__Work item__: Taking the entries below, transcribe only the lines starting with the one with "再比如说肥大卫衣帅气十足,那就搭配leggings或者丝袜展示美好曲线。" and going on through the one with "Whimsical and sweet, this", exactly as written, without the pictures.

__The input__:
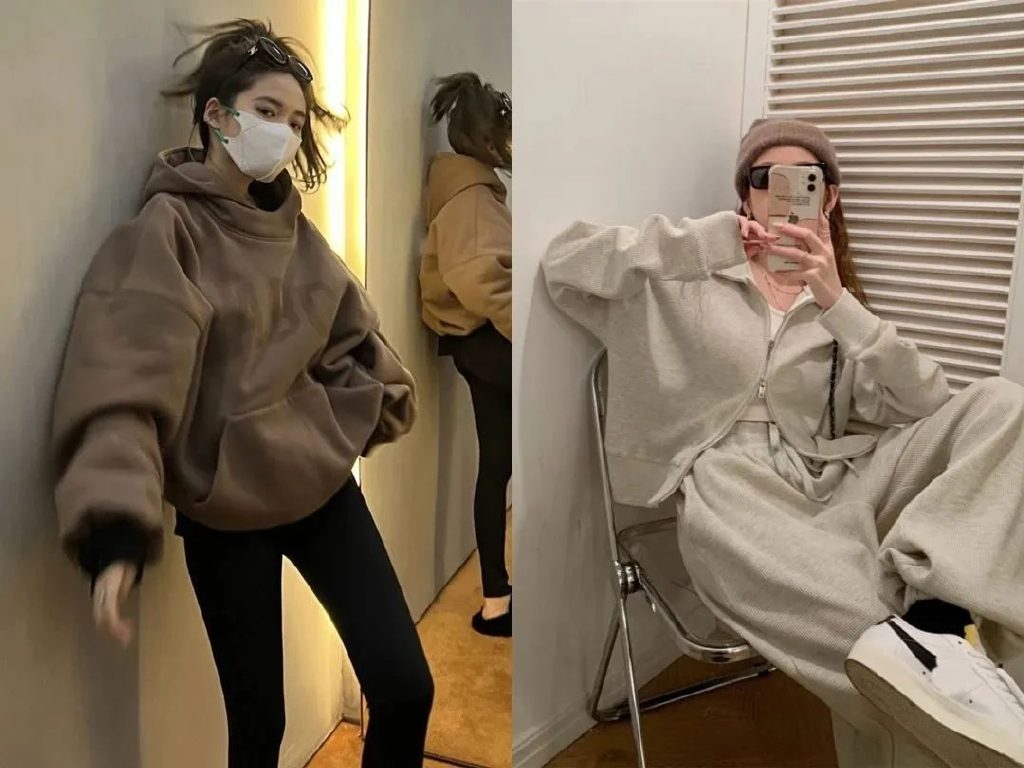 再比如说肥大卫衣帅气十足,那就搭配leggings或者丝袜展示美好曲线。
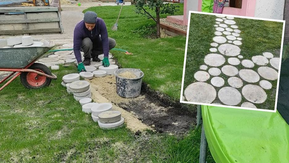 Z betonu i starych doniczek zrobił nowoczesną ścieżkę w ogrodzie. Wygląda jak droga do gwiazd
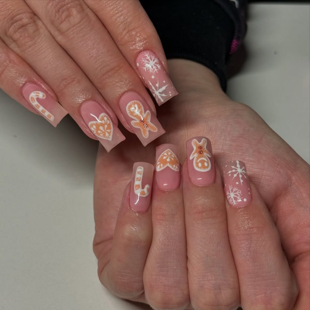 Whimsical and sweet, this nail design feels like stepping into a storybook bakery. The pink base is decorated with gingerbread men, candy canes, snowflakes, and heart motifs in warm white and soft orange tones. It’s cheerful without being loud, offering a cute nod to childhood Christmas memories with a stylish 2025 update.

---

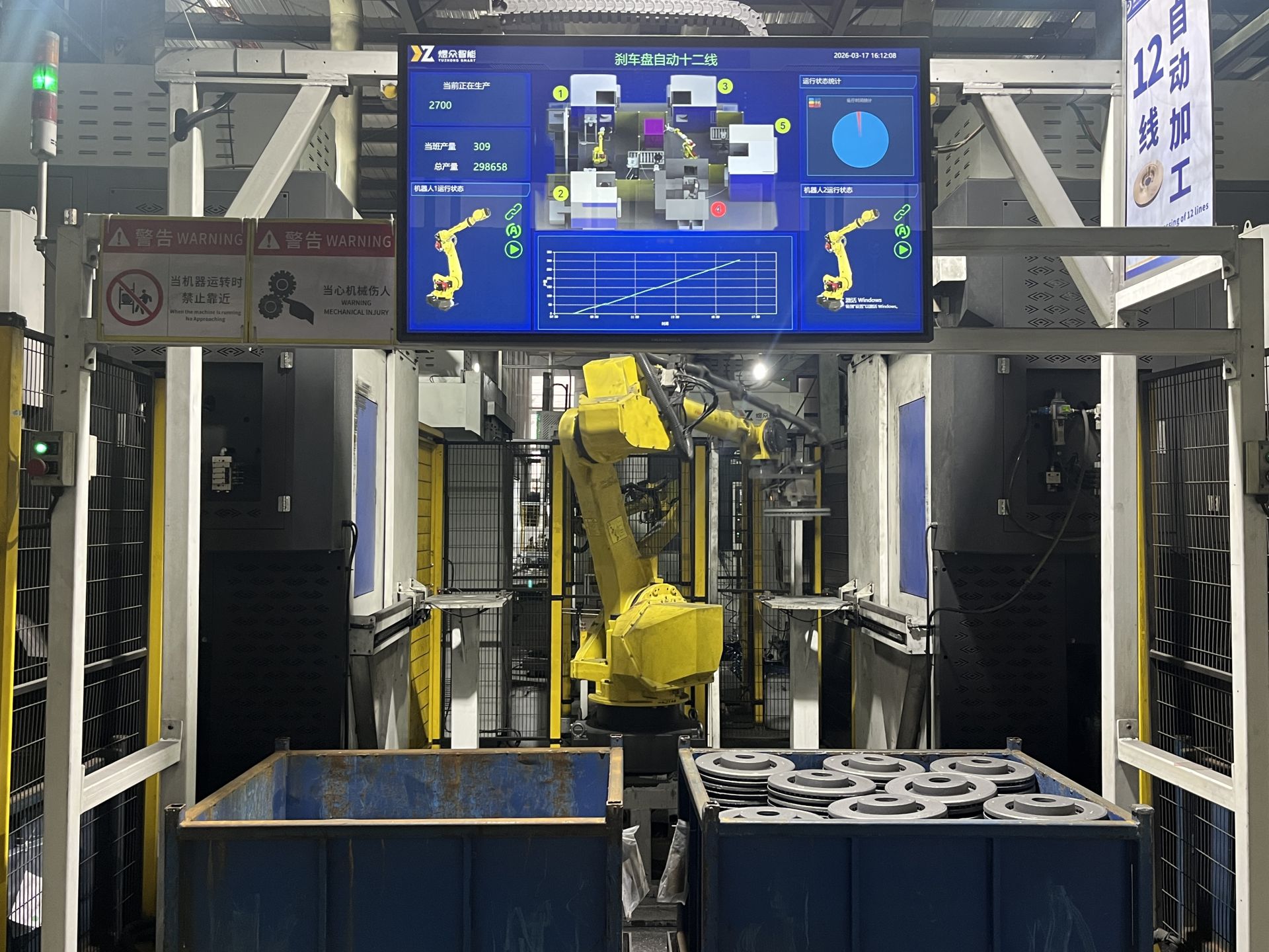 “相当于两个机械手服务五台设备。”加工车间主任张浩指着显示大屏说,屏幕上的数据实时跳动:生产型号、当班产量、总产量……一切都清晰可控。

* * *

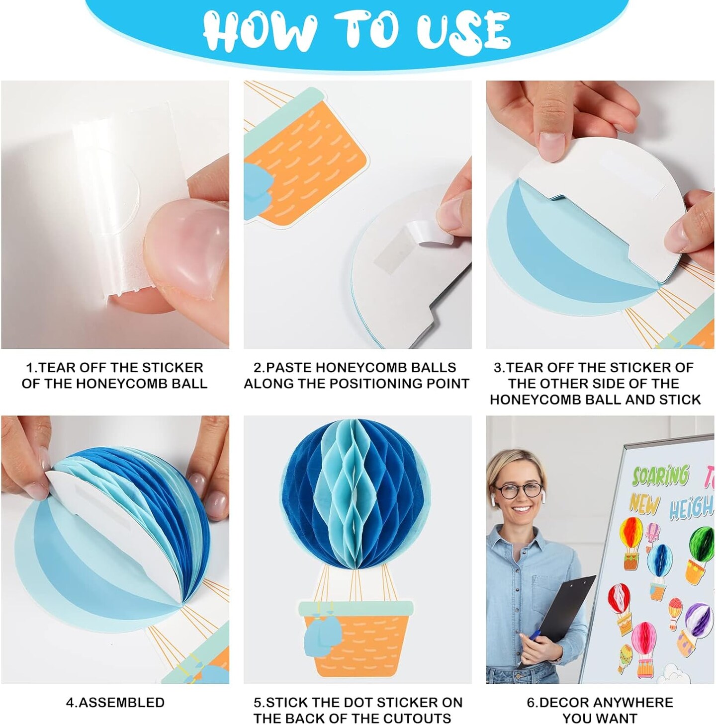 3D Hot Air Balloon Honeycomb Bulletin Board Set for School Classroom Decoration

__Answer box__:
 再比如说肥大卫衣帅气十足,那就搭配leggings或者丝袜展示美好曲线。
 Z betonu i starych doniczek zrobił nowoczesną ścieżkę w ogrodzie. Wygląda jak droga do gwiazd
 Whimsical and sweet, this nail design feels like stepping into a storybook bakery. The pink base is decorated with gingerbread men, candy canes, snowflakes, and heart motifs in warm white and soft orange tones. It’s cheerful without being loud, offering a cute nod to childhood Christmas memories with a stylish 2025 update.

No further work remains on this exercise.